*** Supplied data ***
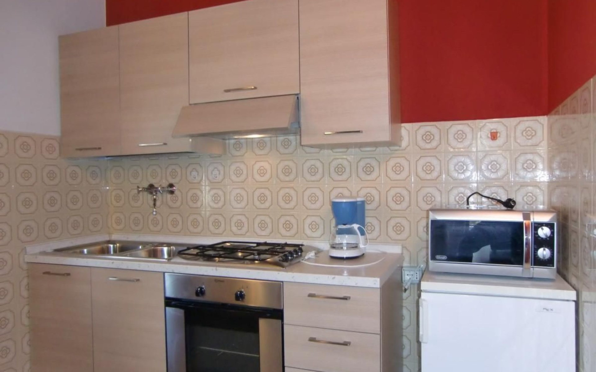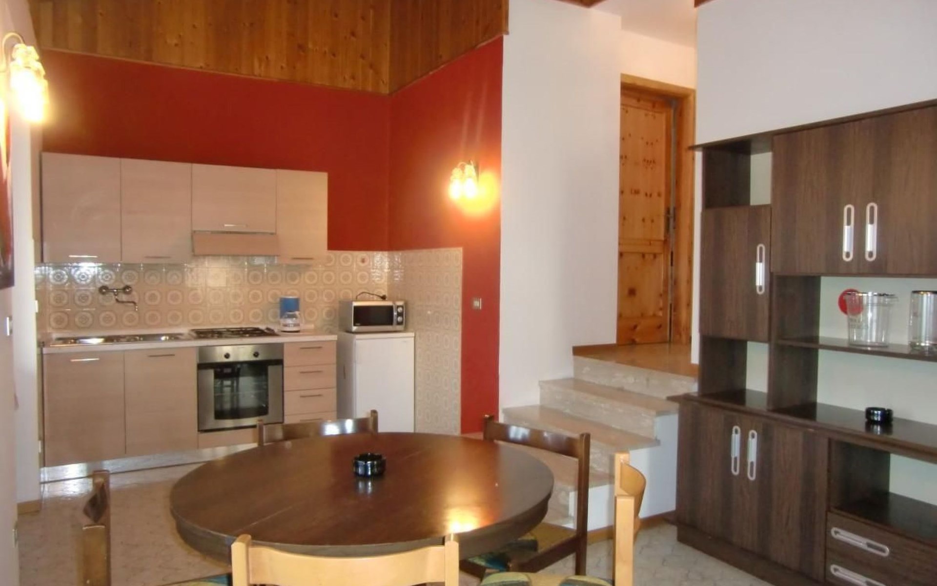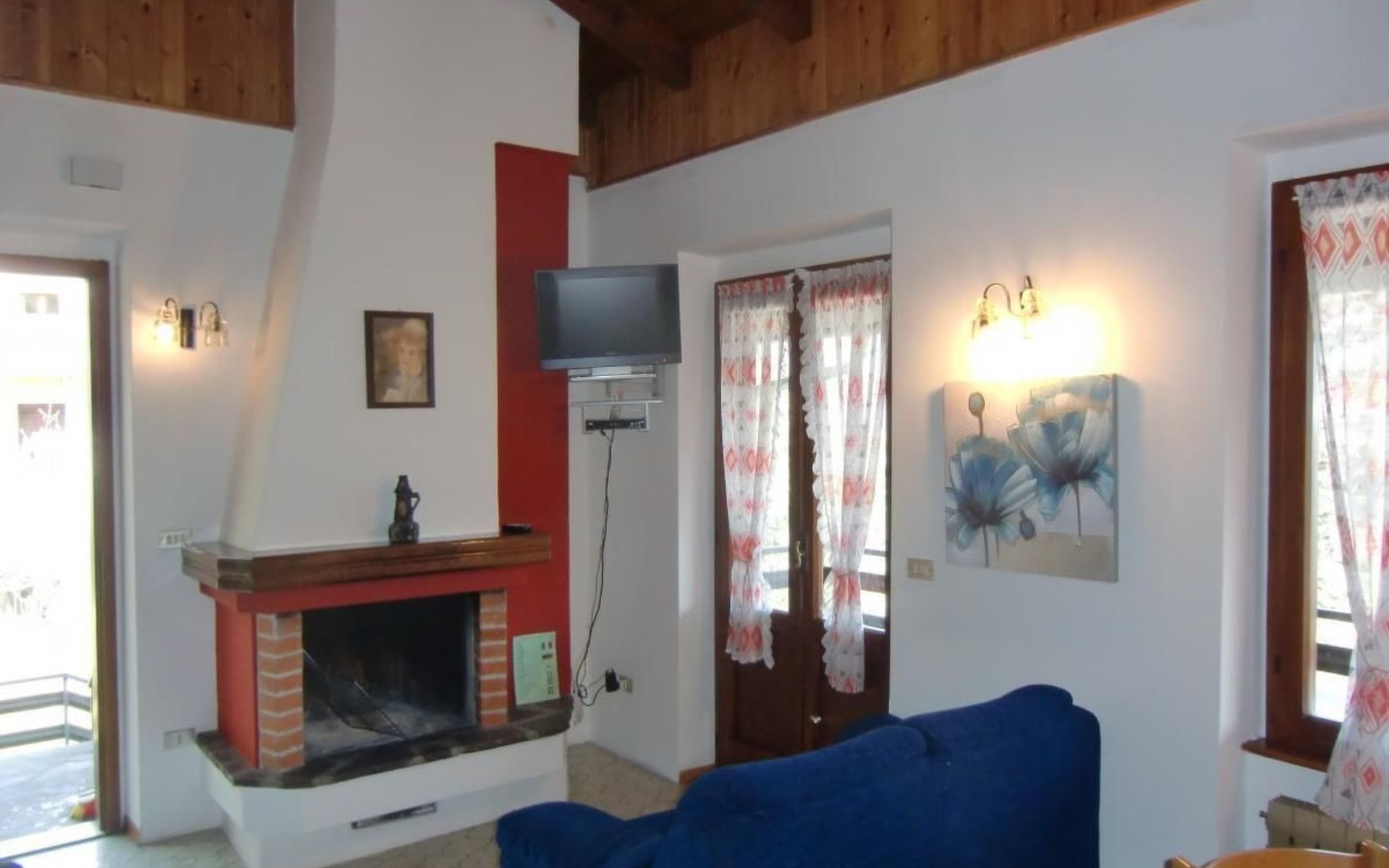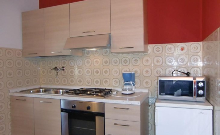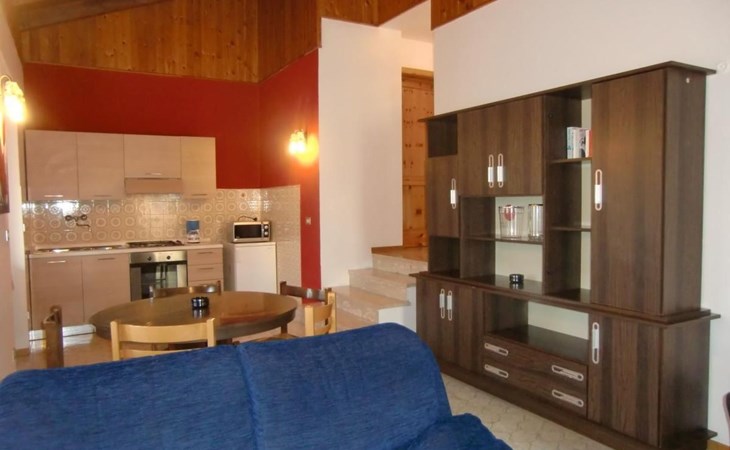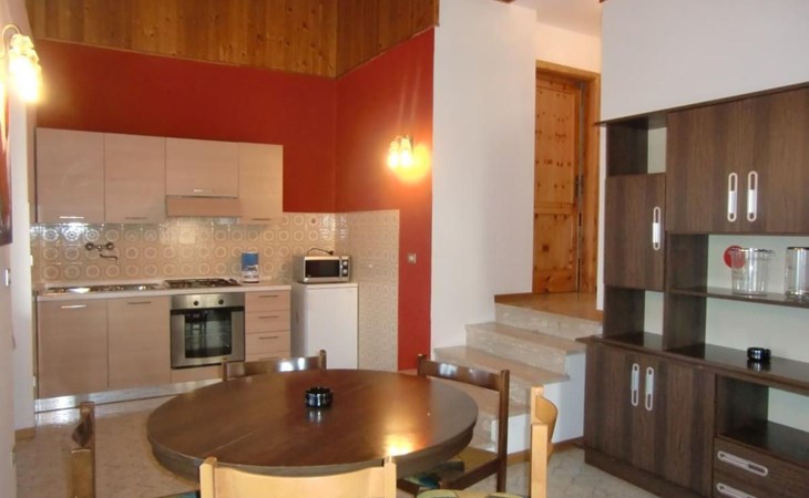 Internally, the flat boasts a warm living room complemented by a cosy fireplace, perfect for cosy and relaxing evenings. The kitchen is fully equipped with 4-flame gas range, fridge with freezer compartment, microwave oven and German coffee machine, ready to satisfy all your culinary needs. The house also includes a bathroom with shower, a comfortable double room and a room with three single beds, ideal for accommodating families or groups of friends.
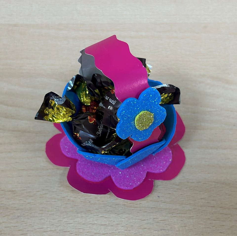 Использованные материалы: картон, фоамиран, серебряная нить, горячий клей
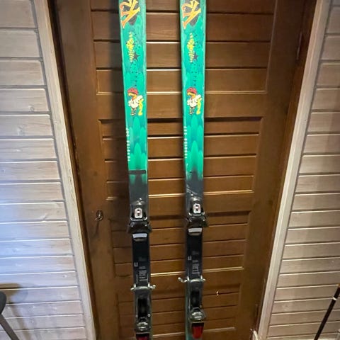Pringles skidor med bindningar i svart och flerfärgad design. Skidorna har ett brett allmountain/freestyle-inspirerat utförande med grafiskt motiv på ovansidan och enfärgad undersida. Vann dessa på ett pringles event i USA (mycket exklusiva). Går ej att hitta skidan. Nypris ca 6500kr!
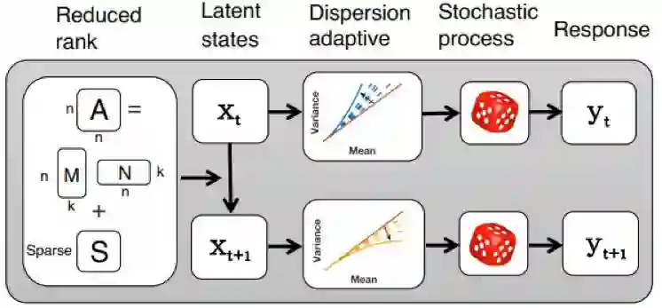 有了两种降秩结构和 DA 分布,现在我们可以将它们与一个隐含的线性动态系统耦合起来。我们将这个系统称为 RRLDS,该系统有利于建模有限的计数数据来检索固有维度。我们将其用于建模在大脑神经元上记录到的时间序列数据(尖峰计数),而且也可以简单直接地将其用于描述和解读其它计数过程的观察值。
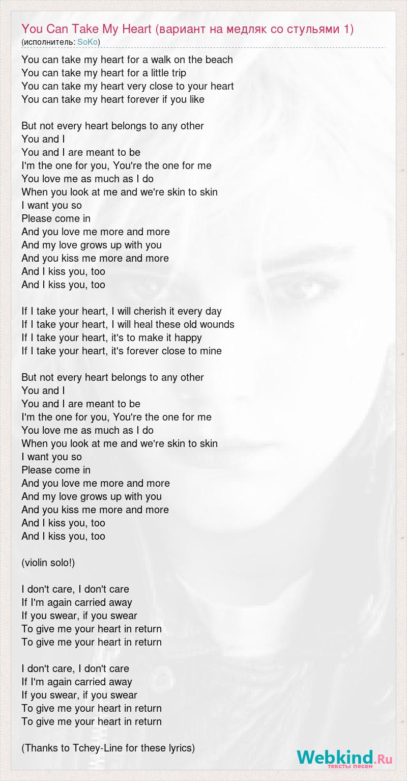 You can take my heart for a walk on the beach You can take my heart for a little trip You can take my heart very close to your heart You can take my heart forever if you like But not every heart belongs to any other You and I You and I are meant to be I'm the one for you, You're the one for me You love me as much as I do When you look at me and we're skin to skin I want you so Please come in And you love me more and more And my love grows up with you And you kiss me more and more And I kiss you, too And I kiss you, too If I take your heart, I will cherish it every day If I take your heart, I will heal these old wounds If I take your heart, it's to make it happy If I take your heart, it's forever close to mine But not every heart belongs to any other You and I You and I are meant to be I'm the one for you, You're the one for me You love me as much as I do When you look at me and we're skin to skin I want you so Please come in And you love me more and more And my love grows up with you And you kiss me more and more And I kiss you, too And I kiss you, too (violin solo!) I don't care, I don't care If I'm again carried away If you swear, if you swear To give me your heart in return To give me your heart in return I don't care, I don't care If I'm again carried away If you swear, if you swear To give me your heart in return To give me your heart in return (Thanks to Tchey-Line for these lyrics)
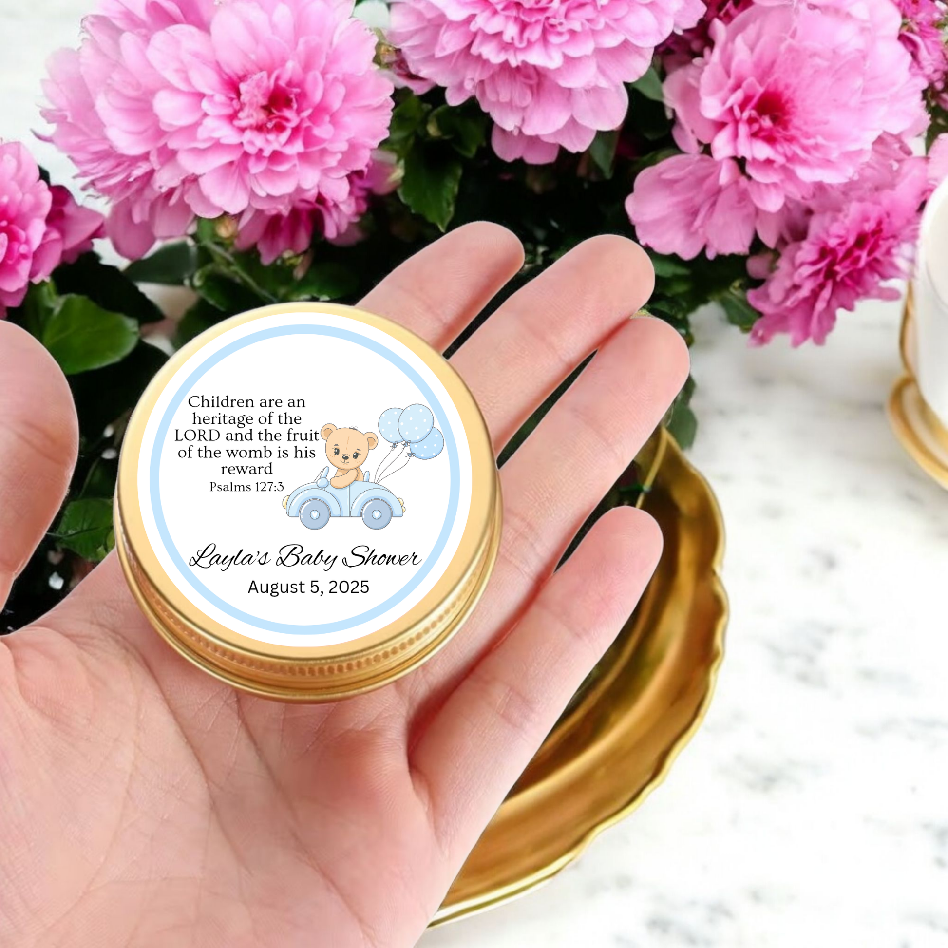 Baby Shower / Gender Reveal Bible Verse Tea Tin Party Favor (Set of 10)
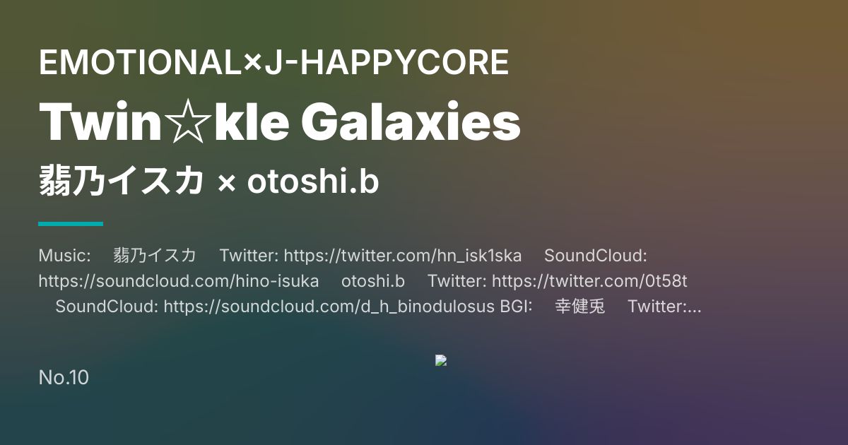 Music: 翡乃イスカ Twitter: https://twitter.com/hn_isk1ska SoundCloud: https://soundcloud.com/hino-isuka otoshi.b Twitter: https://twitter.com/0t58t SoundCloud: https://soundcloud.com/d_h_binodulosus BGI: 幸健兎 Twitter: https://twitter.com/tozimari_Kento はしたかさん Twitter: https://twitter.com/Hstk_Mega 発狂譜面: BAECON Twitter: https://twitter.com/BAECON57 SP Normal ☆☆☆☆☆ 5 SP Hyper ☆☆☆☆☆☆☆☆☆☆ 10 SP Another ☆☆☆☆☆☆☆☆☆☆☆☆ 12 (発狂★3) SP Insane ☆☆☆☆☆☆☆☆☆☆☆☆ 12 (発狂★9) SP Fortunate Groove ☆☆☆☆☆☆☆☆☆☆☆☆ 12 (発狂★19, sl11-12) SP Journey 2 Sparkling Galaxies!! ☆☆☆☆☆☆☆☆☆☆☆☆ 12 (発狂★24, st4-5) ───────────────────────────────────────── こんにちは!初めまして!翡乃イスカです。一年ぶりくらいのBMS制作になります! 今回は最近の気鋭のBMS作家、otoshi.bさんからお声掛け頂きまして合作させて頂く運びとなりました! 2人の長所を活かしあったエモーショナル×ハッピーな楽曲になったなと思います。 曲の終盤で僕たちの曲で聞き覚えのある人はあるフレーズを入れ込んでいるんですが、 その曲に込めた想いのうちの一つの「追う側、追われる側の繋がり」って言うのを感じられる曲になったんじゃないかなーと思ったりしています(隙あらば自分語り) 譜面も幅広い難易度で楽しめるようにみんなで作りました!ぜひぜひ楽しんでいってください! [翡乃イスカ] ───────────────────────────────────────── 今までずっとハピコアBMSを作ってきて良かったと、心の底から思えるような作品になりました。 僕は幸せ者です。 最高のBMS、是非楽しんでいって下さい!!よろしくお願いします!!!! [otoshi.b] ───────────────────────────────────────── 幸健兎ともうします。 今回ははしたかさんと楽しく合作させていただきました! こはねちゃんとシャイナちゃんの可愛さがすっごく詰まったBGIになったと思います!!! ミスしても二人に癒されて何度もイスカさんとotoshi.bさんの最高サウンドをノリノリで楽しんでください! [幸健兎] ───────────────────────────────────────── 今回もotoshi.bさんに誘われてBGIを描かせて頂ける事になりました! ...のですがなんと合作でしかもその相手がイスカさん!ひええ...! 幸健兎さんと協力して曲に合ったキラキラ可愛いBGIを目指してみましたー! シャイナちゃんを幸健兎さん、こはねちゃんを自分が担当して絵でも合作! 非常に楽しかったです! [はしたかさん] ───────────────────────────────────────── 今回発狂譜面3つを担当させて頂いたBAECONです。 このような素晴らしい、「本気」の曲の譜面を担当させていただき大変うれしく思います。 発狂譜面を触り始めた人から発狂皆伝レベルの方まで、幅広い層のプレイヤーの皆さんにこの曲を楽しんでいただけるよう、 幅広い難易度帯の譜面をご用意しました。 NORMAL~ANOTHER譜面もいい感じに楽しめる譜面となっております。 皆様のプレイをお待ちしております! [BAECON] ─────────────────────────────────────────
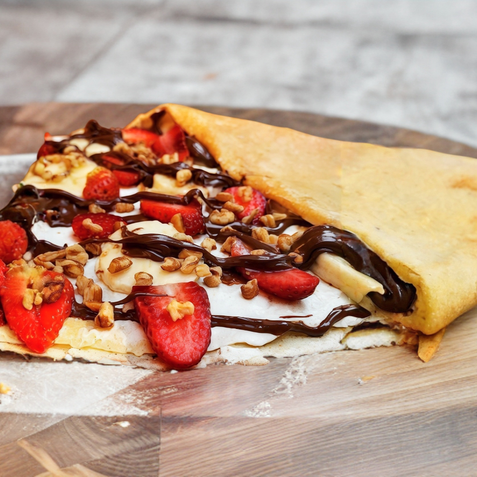 Crepa de 40cm de diámetro (20cm ya en triangulo) Rellena con ingredientes a tu gusto. (Toppings adicionales con costo extra)
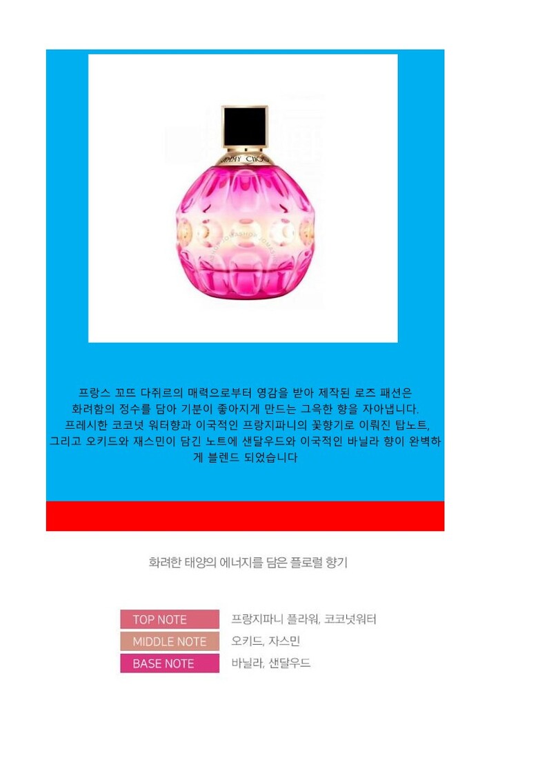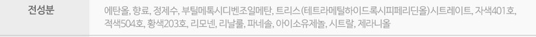 | 9. 사용 시 주의사항 | ※ 화장품을 사용하여 다음과 같이 이상이 있을 경우 사용을 중지할 것이며 계속사용하면 증상을 악화시키므로 피부과 전문의 등에게 상담할 것 1. 사용상 붉은반점, 부어오름, 가려움증, 자극 등의 이상이 있을경우 2. 적용부의가 직사광선에 의해 위와 같은 이상이 있을 경우 3. 상처가 있는 부위, 습진 및 피부염 등의 이상이 있는 부위에는 사용을 하지 말것 4. 알코올류, 에탄올, 수용성(알코올 함유 제품에 해당)/ 화기에 주의할 것. |
*** End of Supplied data ***
→ **What the task requires**: Nothing but an exact copy is asked for: the lines from the start of the records through the line with "Использованные материалы: картон, фоамиран, серебряная", both ends included, minus any pictures.

→ **Exercise result**:
 Internally, the flat boasts a warm living room complemented by a cosy fireplace, perfect for cosy and relaxing evenings. The kitchen is fully equipped with 4-flame gas range, fridge with freezer compartment, microwave oven and German coffee machine, ready to satisfy all your culinary needs. The house also includes a bathroom with shower, a comfortable double room and a room with three single beds, ideal for accommodating families or groups of friends.
 Использованные материалы: картон, фоамиран, серебряная нить, горячий клей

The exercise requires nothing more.